The Internet Society has revealed that the .org registry operator PIR is no longer for sale.

The news came in a statement from ISOC chair Andrew Sullivan late Friday, less than 24 hours after ICANN withheld its consent for the proposed $1.13 billion acquisition by private equity firm Ethos Capital.

ICANN had held the door open for Ethos and ISOC to resubmit a change of control request, and Ethos had said Thursday that it was evaluating its options, but it appears the decision has been made to keep PIR under ISOC’s wing.

In his statement, Sullivan expressed his dismay that ICANN had acted as a “regulator” by evaluating the deal using a public interest test rather than simply rubber-stamping it as it has in all other cases of registry acquisitions. He wrote:

It should concern the Internet community that ICANN has shown itself to be much more susceptible to political pressure than its limited mandate would recommend.

Now that we know that ICANN believes its remit to be much larger than we believe it is, we can state this clearly: neither PIR nor any of its operations are for sale now, and the Internet Society will resist vigorously any suggestion that they ought to be.
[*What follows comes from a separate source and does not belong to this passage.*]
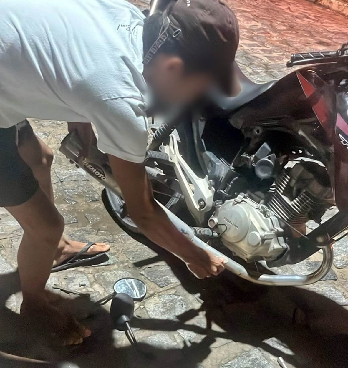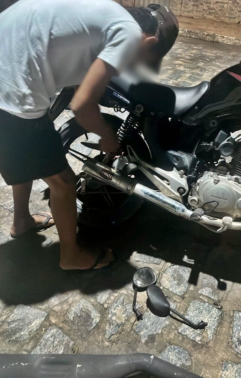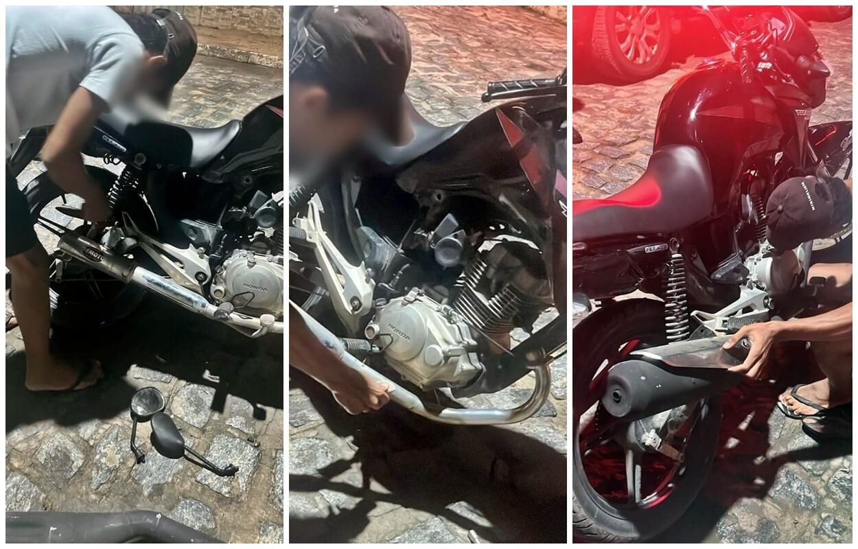Motoqueiro troca escapamento adulterado no local para evitar apreensão durante fiscalização em São Miguel dos Campos
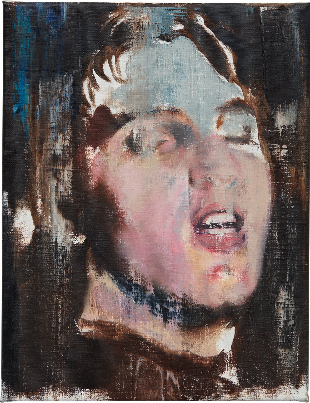 Continuing Ghenie’s exploration of the relative nature of myth and image-making in a media-saturated society, Elvis confronts us with a complex psychological portrait that explores how public and private ambiguously intertwine. While the figure of Elvis functions as a universal symbol for fame, it also harbors personal undercurrents for Ghenie as his father had been an Elvis impersonator. This series marked the beginning of Ghenie’s ongoing interest in self-portraiture, as made most explicit in Selfportrait, 2009, where the artist posed as Elvis for the full-length portrait. By injecting a representation of himself into depictions of iconic personalities, Ghenie essentially defines “that the origin of all [his] work is the consequence of a specific context and biography, but at the same it gives it the universal span beyond the anecdote of any biographical detail” (Philippe van Cauteren, Adrian Ghenie: Darwin’s Room, exh. cat., Romanian Pavilion, Biennale de Venezia, 2015, p. 91).

But who would want to, or could afford to, buy it? While ICANN has made it clear that PE firms are welcome to acquire other TLDs, it wants .org to remain in non-profit hands.

During the last few months of controversy, one other embryonic effort to take over .org was announced, led by founding ICANN chair Esther Dyson.

Called the Cooperative Corporation of dot-org Registrants (CCOR), it had no intention of handing over a billion dollars for .org, it simply wanted ICANN to assign the contract to its control.

It still wants that, or something like that. In a statement Saturday, CCOR said it “calls upon ICANN to proceed with the established multi-stakeholder led open request for proposals for stewardship of the dot-org domain”.

Unless it can be shown that PIR has seriously broken the terms of its Registry Agreement, the chances of ICANN randomly opening up .org to tender is pretty much zero.

CCOR goes on to say that it is still worried about .org falling into private hands and that it will lobby for legally binding policies “including the preservation of privacy, diversity and human rights, and freedom from censorship”.